Narrative Failure in Data Analysis

A data analysis can fail if it doesn’t present a coherent story and “close all the doors”. Such a failure is not simply a problem with communication, but often indicates a problem with the details of the analysis itself.

Roger Peng true

In data analysis there is often a distinction between doing the data analysis and communicating the data analysis. The idea is to analyze the data and then come up with some sort of narrative that explains what is going on with the data. There is a sense in which these are distinct steps of a process.

However, considering the narrative or story of a data analysis may contribute to improving the quality of a data analysis and so we should re-consider whether the idea of story and the idea of analysis are unrelated.

What were are not talking about here is fitting the data analysis to tell a specific story. The danger that most people fear is that we come up with a story first and the pick and choose the elements of a data analysis that are aligned with that story (and remove the elements that contradict the story).

The kind of story we are talking about here involves the explanation for the sequence of steps that are taken as part of the analysis. If one were to examine the steps taken in a data analysis, one could come up with a kind of “story” or narrative that could be told about those steps.

For example, a short data analysis might read as:

We read the data in, then we made a histogram of x, and then we ran a linear regression of y on x.

That is the “story” of the analysis. Any real data analysis will likely have a more complex story but the idea of a story or narrative remains. It’s valuable to think about the narrative you are building as you are analyzing the data. It can serve as a way to organize your steps and can guide you to planning future steps.

Like with any story, the story or narrative of the data analysis has to make sense. The problem with the story I just told above is that it makes no sense. Why did we make a histogram? Why not a boxplot or a scatterplot? Why did we run a regression? Why not use an approach that is more flexible? These questions are not about the story of how the results are interpreted, they are about the story of the analysis itself.

Closing All the Doors

In the documentary Showrunners: The Art of Running a TV Show, Bill Prady, creator of the long-running comedy TV show The Big Bang Theory talks about the challenges of writing comedy versus writing drama. He claims writing comedy is harder than drama because in comedy you’re often moving people into ridiculous situations. But simply putting someone in a ridiculous situation isn’t inherently funny. Rather, you have to write the story so that the character must be put into that situation. Prady says:

Our slang in the [writer’s] room is you have to close all the other doors, so that the only door available to this character is the door that leads to the big block comedy scene you want to do…. You have to get to the point where the audience would say, “You know what, if I were in that situation, damn it if I wouldn’t do the exact same thing!”

Suppose you’re watching a movie about a bank robbery at night and the robbers are having all kinds of problems because it’s dark.
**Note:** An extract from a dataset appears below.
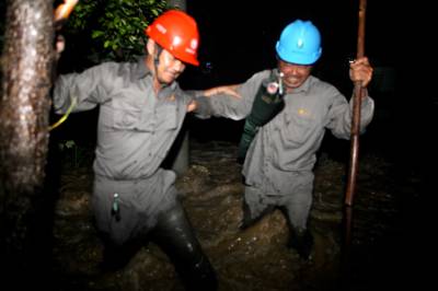 7月15日凌晨2点,咸宁供电公司员工在市郊熊家湾涉水巡查供电设施。14日傍晚,南川水库泄洪流量达60m3/s,加上当天的强降雨,导致咸宁市区及市郊部分地段积水。灾情发生后,市委、市政府立即组织抗洪抢险突击队、武警官兵和公安干警紧急转移安、置受灾群众,供电抢修突击队迅速出击,力保受灾区域电力的安全有序供应。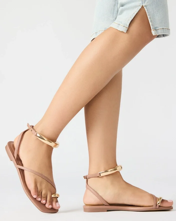 Il sandalo Odyssey offre sia stile che comfort grazie al suo design a cinturini, alla punta squadrata e al cinturino alla caviglia con dettagli dorati. Un elegante anello sulla punta aggiunge un tocco di raffinatezza. Perfetto per una giornata fuori o una serata in città.

Maybe that’s funny, but not if you’re thinking to yourself “Why didn’t they just bring some flashlights?” If you find yourself asking that question, then this is a narrative failure. The writers of the story didn’t close all of the doors. They didn’t come up with a reason to explain why the robbers didn’t have flashlights to begin with.

Narrative failures in a movie or TV show represent gaps in logic that the viewer has to either impute or just be confused about. In either case, it’s not something you want the viewer to do. You want the story to just make sense and for each sequence in the story to follow from previous events.
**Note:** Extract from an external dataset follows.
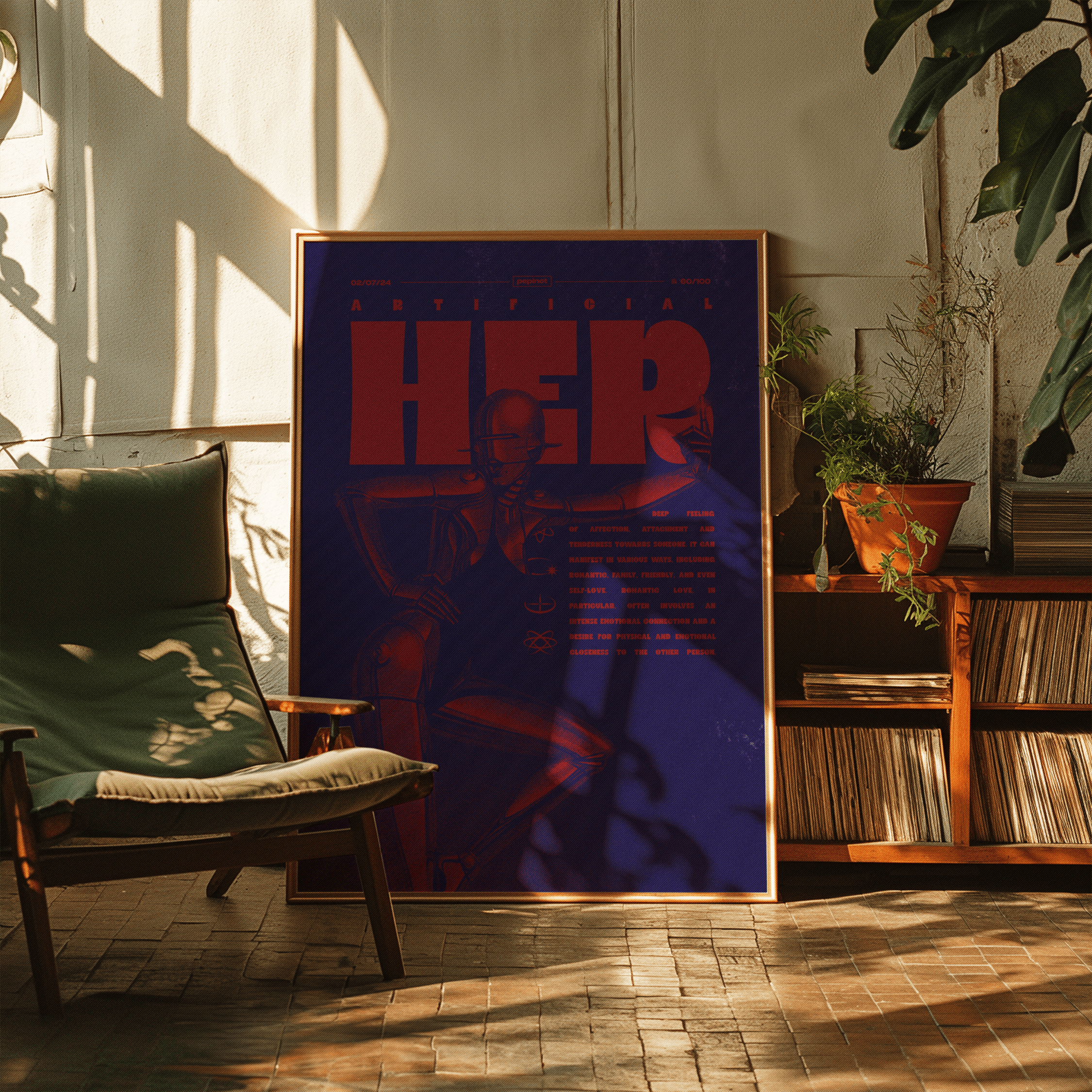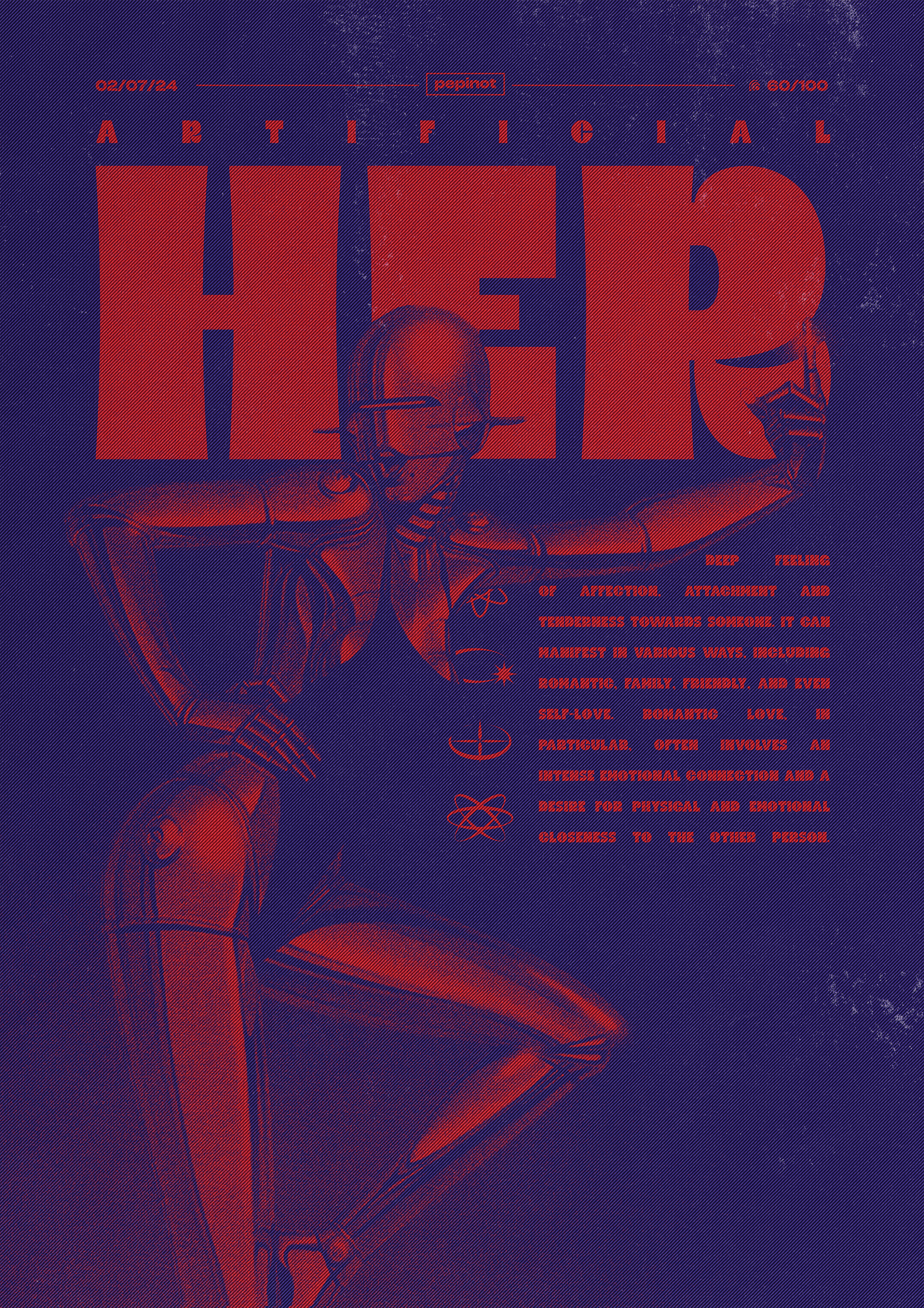 Ce poster met en avant une palette de couleurs vibrantes, dominée par des tons rouges et bleus qui créent un contraste saisissant. La figure centrale, un robot stylisé, renforce l’aspect artificiel et futuriste, en lien avec le titre « Artificial ». Le texte, très imposant et surdimensionné, occupe la majeure partie du visuel et est agencé de manière à marquer une hiérarchie visuelle forte. Le choix d’une typographie large et sans-serif amplifie l’effet de puissance et de modernité. Le slogan et les symboles placés à côté ajoutent une dimension explicative tout en renforçant l’univers scientifique et technologique de l’affiche. Le numéro 60/100 fait partie du challenge des 100 posters.

The same is true in data analysis. If you’ve ever seen a presentation of a data analysis and thought, “Why didn’t they just…” then the presenter failed to close a door. For example, how many fancy machine learning presentations have you seen where you thought, “Why didn’t they just run a logistic regression?”

Types of Data Analysis Failure

There is no perfect door.

A narrative failure in a data analysis is a failure to justify the path chosen in the analysis vis a vis any number of plausible alternative paths that could have been taken. If those alternatives have not been ruled out, then a gap remains and the audience will be confused about why the alternative was not tried. It is the job of the analyst to either execute some of these alternate analyses or present some evidence regarding why they are not preferable. Ruling out these alternative analyses is part of building a successful data analysis narrative.

The idea of narrative failure gets to a difficult aspect of data analysis that students have trouble understanding, which is that rarely is there a single “right” or “best” way to do an analysis. In other words, rarely is there a single “door” to walk through. Often, there are many doors to walk through, and it almost doesn’t matter which door you choose, just so long as you manage to close all of the other ones along the way. If you choose door 1 then people might ask “Why didn’t you choose door 2?”. And if you choose door 2 then people will ask about door 1. There’s no perfect door to walk through, you just have to close one and walk through the other.